Oh, and let me tell you just how amazing the Lord really is! Last week, we were leaving the temple, and as always we offer the take family pictures for the missionaries that were coming in that day. This one cute mom came up to us and started talking to us, so we were telling her where we are all going and everything, then she asked us if we needed a mother's hug. So she hugged all of us sisters and told us each individually how much our mother's love and miss us! It was the best thing ever! Then this week, this morning actually, we were planning on going to the temple at 8:30. Well, Elder Peterson lost his wallet. So the Elders went around trying to find it, so as sisters we went and printed off our emails that we get, ran to the bookstore and just did some odd and end errands. They still couldn't find the wallet, so they headed back to their room to double check everything. Us sisters said a prayer and continued with our errands. He found the wallet like 10 minutes later, power of prayer! That is not the best part though. As we were leaving the temple we met up out front and were just getting ready to start asking people if they needed pictures taken this sweet sister comes up to the Elders and asked if he remembered his mom's cell number. They were all like yes, but is there a reason why... She pulled out her phone and took pictures of all of us individually for the Elders and as companions for the sister and then asked for our mother's numbers. She sent our pictures to our mom's to let them know that we are all doing well. It truly was the sweetest thing ever! She had two missionaries out and said that some people have been sending her pictures of her boys as they are serving and she has just loved it! So, she is paying it forward by letting our mother's know that we are all doing well.
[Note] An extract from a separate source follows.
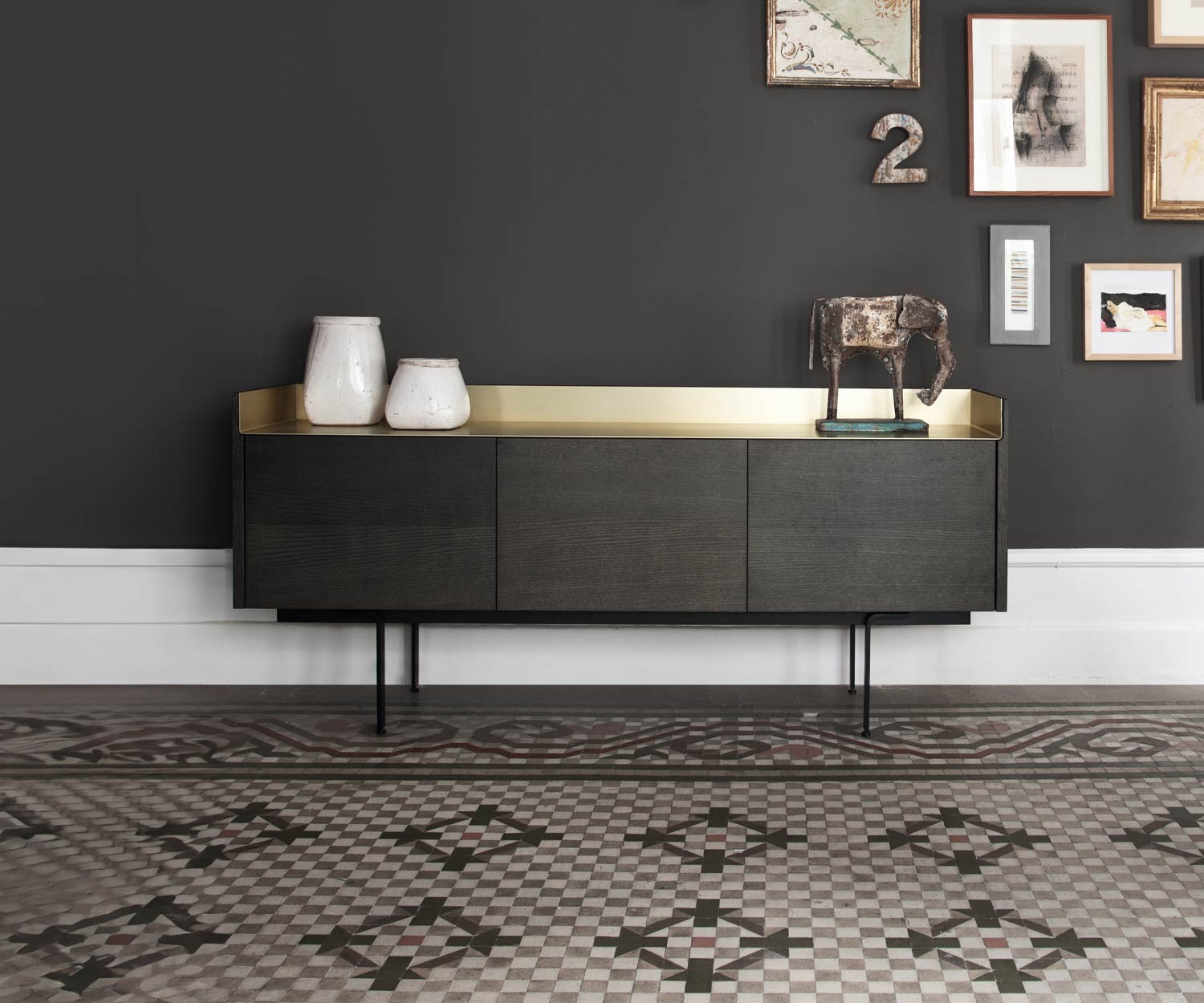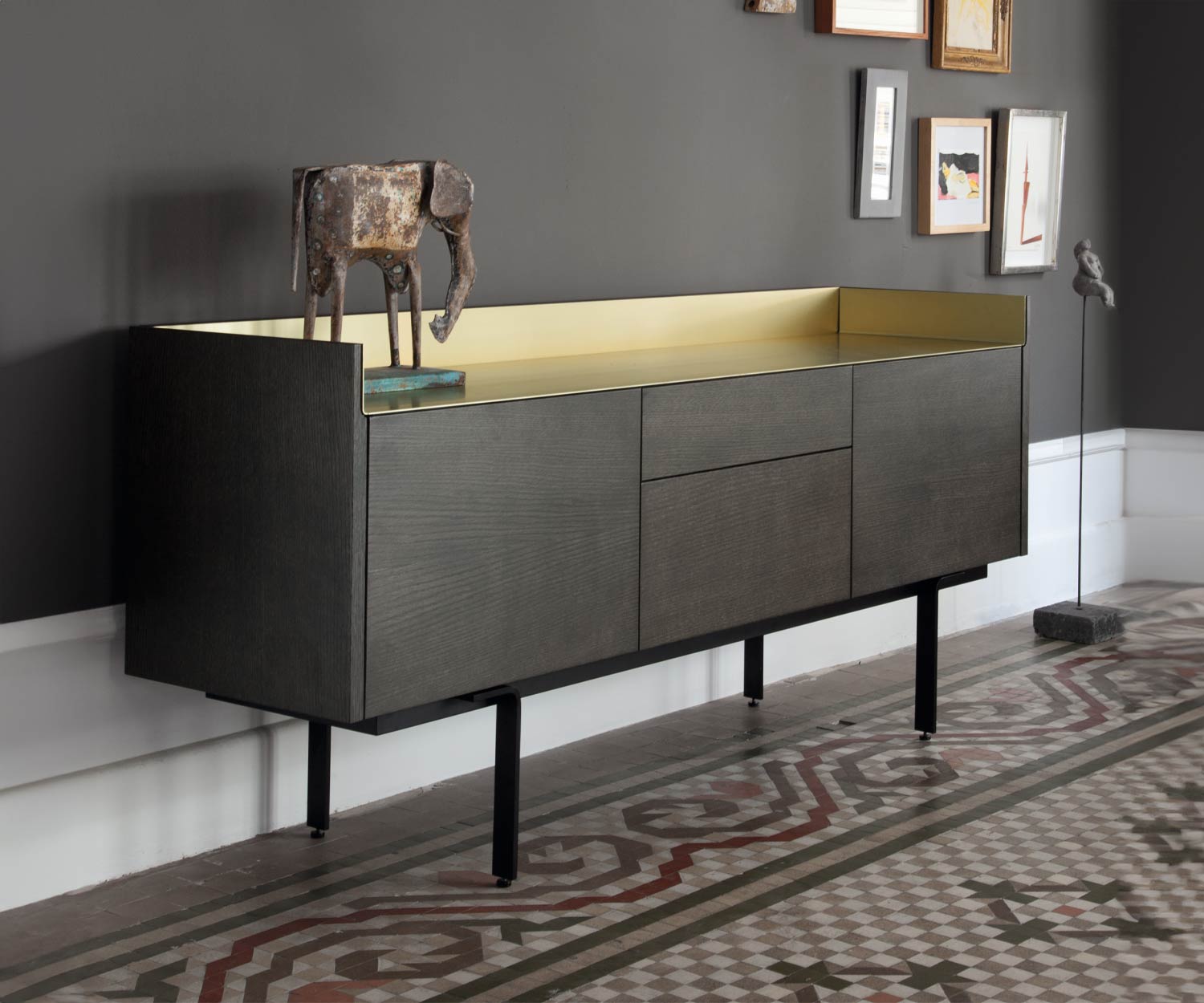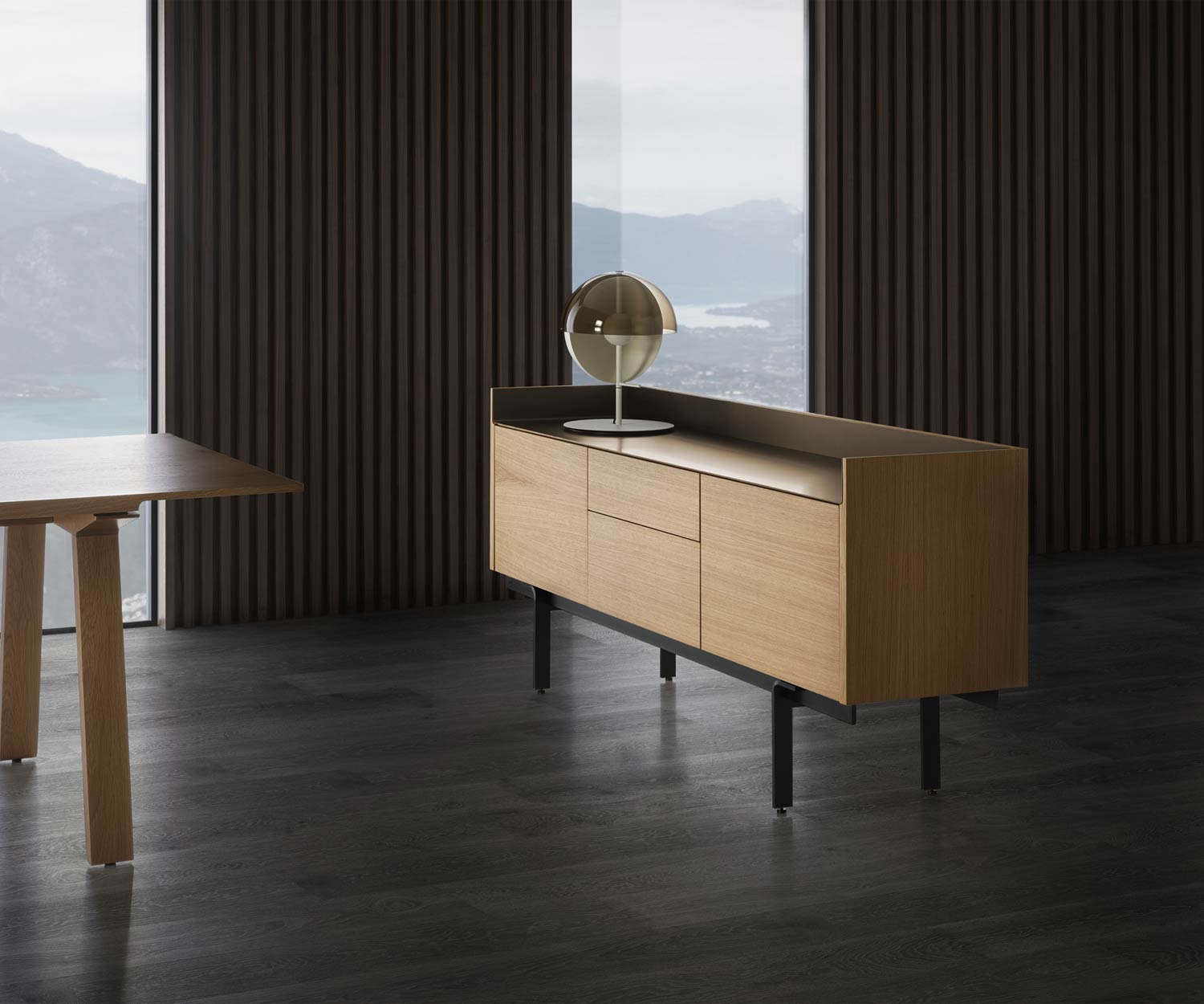 Der innere und äußere Bereich des Punt Sideboards Stockholm besteht aus MDF-Platten E1 und Spanplatten E1, die mit einem Furnier in Eiche oder Walnuss/Nussbaum veredelt und in durchlaufendem Furnierbild beschichtet sind. Die Abdeckplatte ist aus anodisiertem Aluminium. Der Korpus steht auf einem Stahlsockel mit pulverbeschichteter Oberfläche.

All of us were just so grateful for her and her willingness to help our mother's feel at peace. After the sister had left to do her session in the temple I turned to Elder Peterson and thanked him for loosing his wallet. If it hadn't been lost we might have missed that opportunity.
Last night we had even had a fire side with David F. Evan, of the Seventy, come and speak to us, and in his talk he mentioned how we are on the Lord's time, he will protect us and guide us. We all mentioned that as we walked back from the temple. He truly is just so mindful of every last one of us. I started a gratitude journal this week, everyday I am going to look for those tender mercies of the Lord. I challenge you to all do the same.

I love you all SO much! Thank you for the cookies and the treats! They are always greatly appreciated, we all share what our families send and between the 5 of us that live in Utah we stay pretty full all the time! I feel your prayers daily, and pray for you as well! Keep the letters coming!




I was waiting this day for the letter to come and I did receive a text from a unknown number and when I checked it nothing was there.  I did not think much about it until I got her email and read that is was suppose to be a picture of her.  It was sad to know it was suppose to be a picture of her and her companion.